Thomas G. Lane is a computer scientist dedicated to open-source software. In a 2000 survey, he was listed as one of the top 10 contributors to an intended-to-be-representative sample of open-source software, having contributed 0.782% of the total code.

Lane's contributions to open-source include:

 Organizer of the Independent JPEG Group (IJG),
 Member of the core steering committee of PostgreSQL
 Co-author of the Portable Network Graphics (PNG) specification
 Member of the Tagged Image File Format (TIFF) advisory committee
 Contributor to the Ptolemy Project

Biography
Lane holds a Doctor of Philosophy (Ph.D.) in computer science from Carnegie Mellon University, awarded in 1990. He occasionally lectures there, and at other places.

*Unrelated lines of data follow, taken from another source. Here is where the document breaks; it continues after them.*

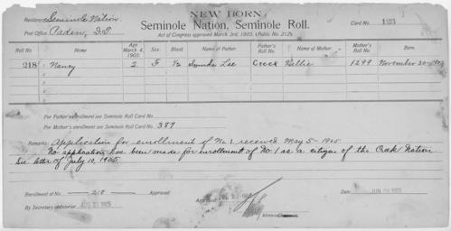 | Keywords: Enrollment for Seminole Census Card 123 - NARA - 267697.tif Scope and content Name Concharty Type Parent Sex Male City of Residence yh Name George Davis Type By Blood Age 19 Sex Male Degree Indian Blood Full Roll Number 423 City of Residence ee Name Jennie Davis Type By Blood Age 22 Sex Female Degree Indian Blood Full Roll Number 424 City of Residence th Name Legus Davis Type By Blood Age 4 Sex Male Degree Indian Blood Full Roll Number 427 City of Residence ee Name Lula Davis Type By Blood Age 1 Sex Female Degree Indian Blood Full Roll Number 428 City of Residence th Name Hotogee Type Parent Sex Female City of Residence th Name Kiltkoge Type Parent Sex Female City of Residence ee Name Ned Lustey Type By Blood Age 5 Sex Male Degree Indian Blood Full Roll Number 42 City of Residence th Name Thomas Lustey Type By Blood Age 7 Sex Male Degree Indian Blood Full Roll Number 425 City of Residence th Name Punlustey Type Parent Sex Male City of Residence ee Name Dave Tulsa Type Parent Sex Male City of Residence ee Name Nancy Type Newborn Age 2 Sex Female Degree Indian Blood 1/2 Roll Number 218 Post Office Paden General notes 267697 Local identifier 75-53A-SEMINOLE 123 Department of the Interior Office of Indian Affairs Office of the Commissioner to the Five Civilized Tribes 1893 - 1914 NARA's Southwest Region Fort Worth NRFA 1400 John Burgess Drive Fort Worth TX 76140 Record group Record Group 75 Records of the Bureau of Indian Affairs 1793 - 1999 Record group ARC 404 Enrollment Cards compiled 1898 - 1914 Series ARC 251747 File unit File unit ARC Variant control numbers NAIL Control Number NRFF-75-53A-28664<br /> NAIL Control Number NRFF-75-53A-29691<br /> NAIL Control Number NRFF-75-53A-29742<br /> NAIL Control Number NRFF-75-53A-29813<br /> NAIL Control Number NRFF-75-53A-29843<br /> NAIL Control Number NRFF-75-53A-36782<br /> NAIL Control Number NRFF-75-53A-38664<br /> NAIL Control Number NRFF-75-53A-40219<br /> NAIL Control Number NRFF-75-53A-40220<br /> NAIL Control Number NRFF-75-53A-44747<br /> NAIL Control Number NRFF-75-53A-50126<br /> NAIL Control Number NRFF-75-53A-52700<br /> NAIL Control Number NRFF-75-53A-SEMINOLE 123 yes Other versions <gallery> File Enrollment_for_Seminole_Census_Card_123_-_NARA_-_267697 tif tif File Enrollment_for_Seminole_Census_Card_123_-_NARA_-_267697 jpg jpg </gallery> NARA-cooperation PD-USGov Cherokee census cards NARA TIF images with categorized JPGs |
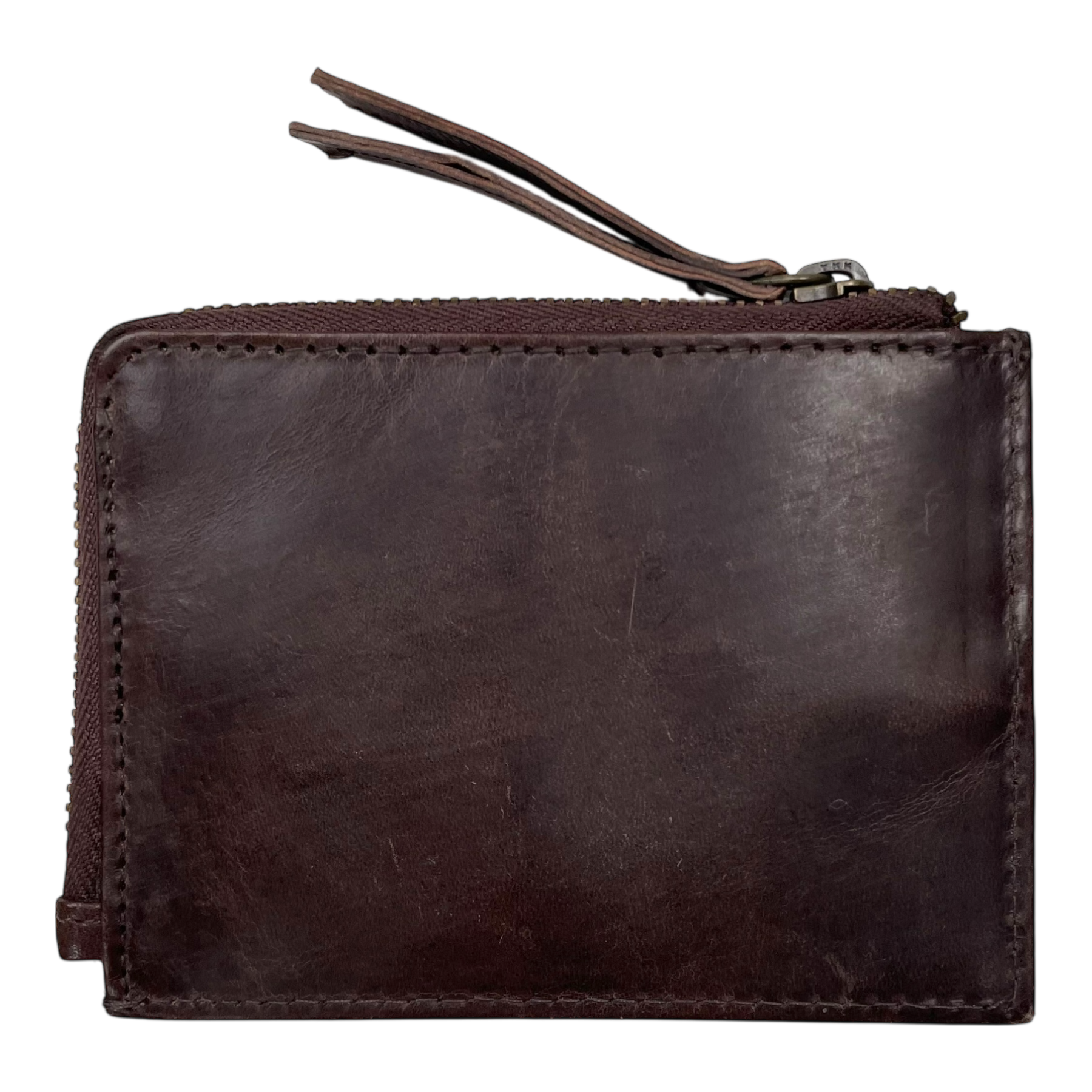 Holzrichter Berlin small leather wallet / card holder / coin purse. Charming in both form and function. Slim design with one zipper compartment and card compartments inside. Fits cards, bills, and coins. There is a key chain and a key ring to attach to your keys.
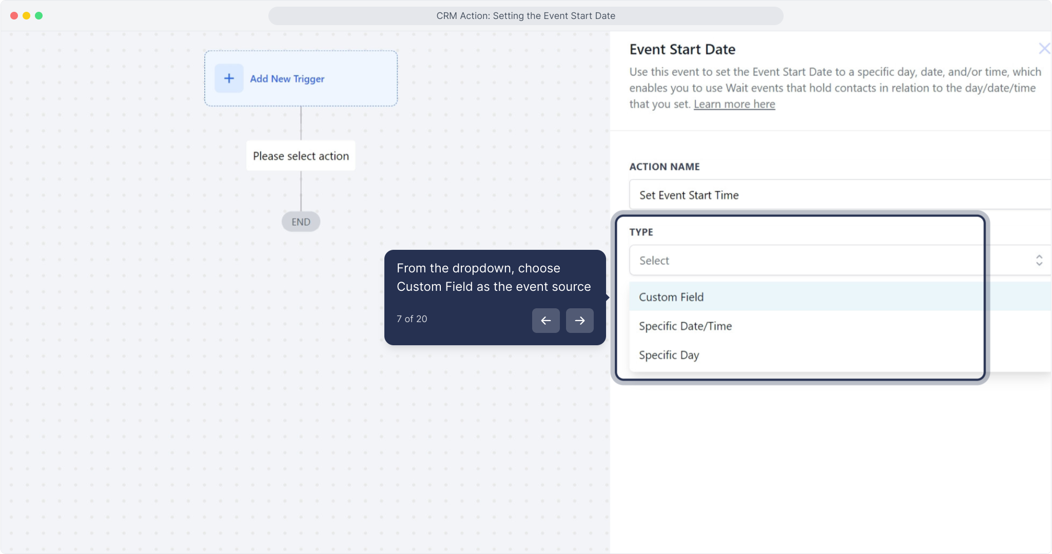 You can choose from options like Custom Field, Specific Date/Time, or Specific Day.
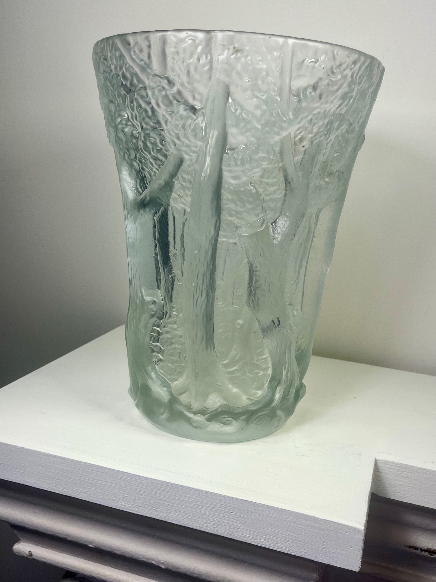 Découvrez l'élégance tchèque avec notre exceptionnel vase en cristal moulé du designer Josef Inwald (1906-1937) pour Barolac et datant des années 30, période Art Déco. Baptisée "Dans la forêt", cette très belle pièce ornée d'arbres en relief est d'une qualité remarquable, son poids substantiel et sa taille évoquant le prestige de Lalique.
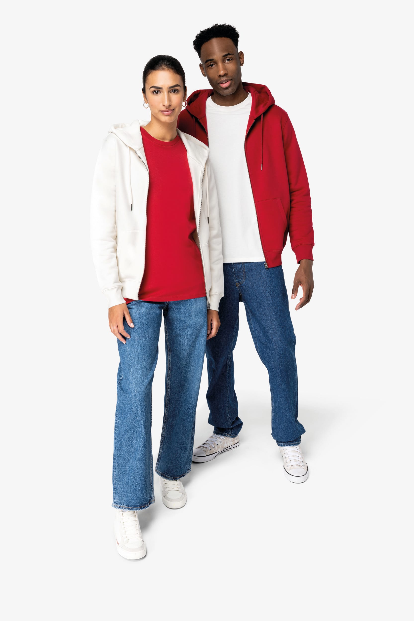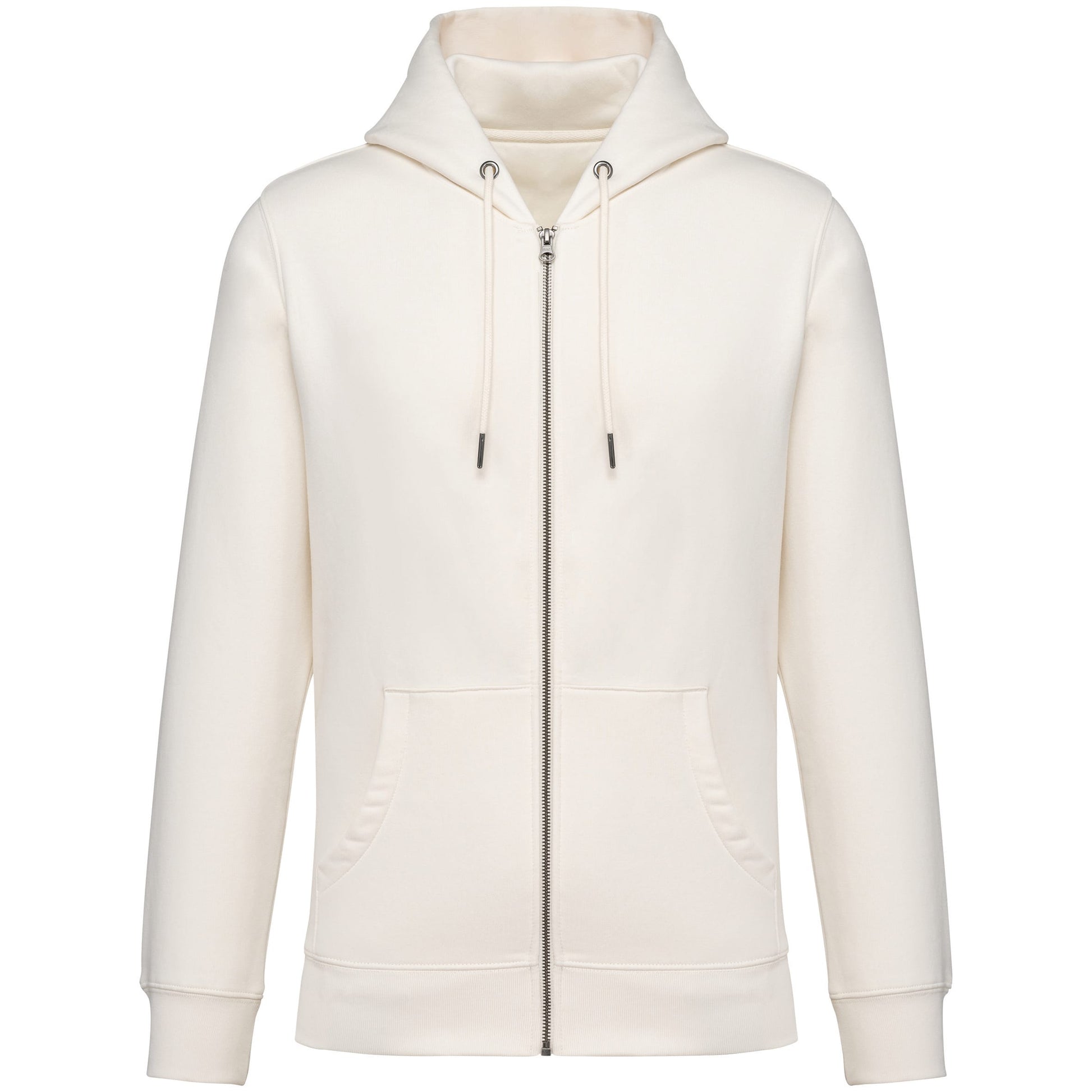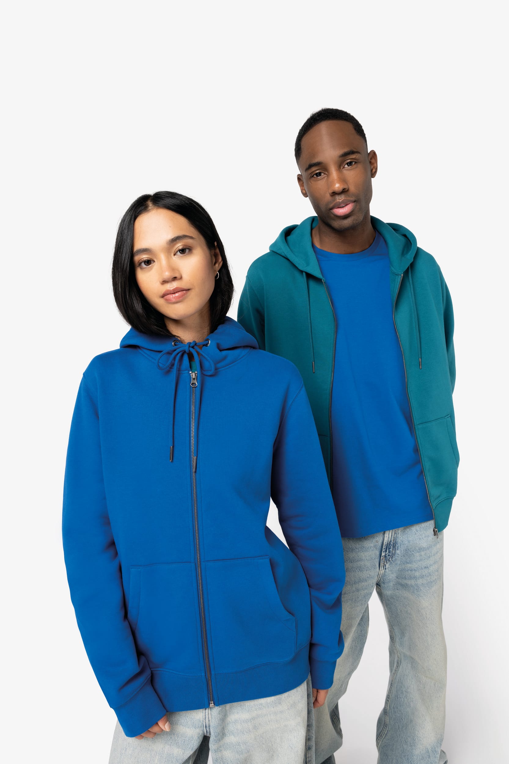 85% coton biologique / 15% polyester recyclé post-consumer. Coton peigné ringspun. Coupe ajustée. Lavé aux enzymes. Molleton gratté 3 fils LSF (Low Shrinkage Fleece : molleton pré-rétréci). 1/2 lune au dos. Poche kangourou. Bord cote 1 x 1 bas de vêtement et bas de manches. Double surpiqûre bas de manches, emmanchures, bas de vêtement et 1/2 lune. Bande de propreté intérieur encolure dos. Capuche doublée en matière principale avec point d’arrêt cordon. Cordon rond avec embouts et oeillets en métal recyclé. La couleur Raw Natural se distingue par son aspect brut visuellement texturé, parsemée de fines particules visibles à l’œil nu.
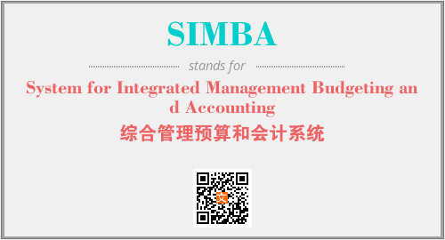上述内容是“System for Integrated Management Budgeting and Accounting”作为“SIMBA”的缩写,解释为“综合管理预算和会计系统”时的信息,以及英文缩略词SIMBA所代表的英文单词,其对应的中文拼音、详细解释以及在英文中的流行度和相关分类、应用领域及应用示例等。
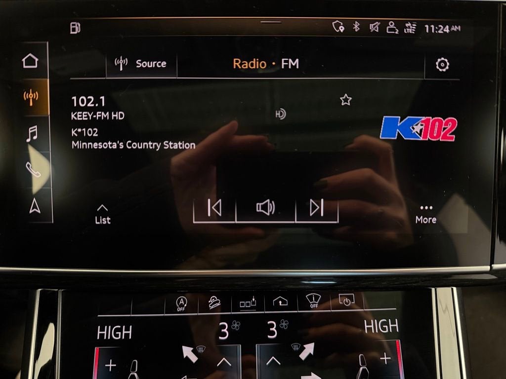 Advanced driver assist and safety features include a head-up display, front and rear park assist, lane departure warning, automatic high beam LED headlamps, fog lamps, keyless entry with push button start, and a rear vision camera, offering added confidence whether navigating city streets or Minnesota highways. Performance and handling are further enhanced by the adaptive air suspension and limited slip differential, delivering a composed ride and precise control in varying road conditions. The exterior is complemented by striking 22-inch black aluminum wheels, giving this Q7 a bold and upscale presence.

He has worked for Hewlett-Packard, Structured Software Systems, Great Bridge, Red Hat, Salesforce, and Crunchy Data.

In July 2000, Lane was employed by Great Bridge, one of the first PostgreSQL support companies. However, the firm was dissolved in September 2001 and he moved to Red Hat, a competitor of Great Bridge at the time, to develop their version of PostgreSQL named Red Hat Database. The Red Hat Database project was later cancelled, but Lane continued to work there to develop PostgreSQL. Between May 2013 and October 2015, he worked at Salesforce.com. In 2015, Lane began working for Crunchy Data to allow more time to support the PostgreSQL community. Lane is part of the PostgreSQL core team.

PostgreSQL
Lane is a member of the core PostgreSQL development team. He is involved in all aspects of PostgreSQL, including new features, performance improvements, and bug evaluating and fixing.

Image formats

Independent JPEG Group
The Independent JPEG Group (IJG) is an informal group that writes and distributes a widely used free library for JPEG image compression. The IJG is arguably one of the important early open source groups and a major reason why the JPEG image format is a standard.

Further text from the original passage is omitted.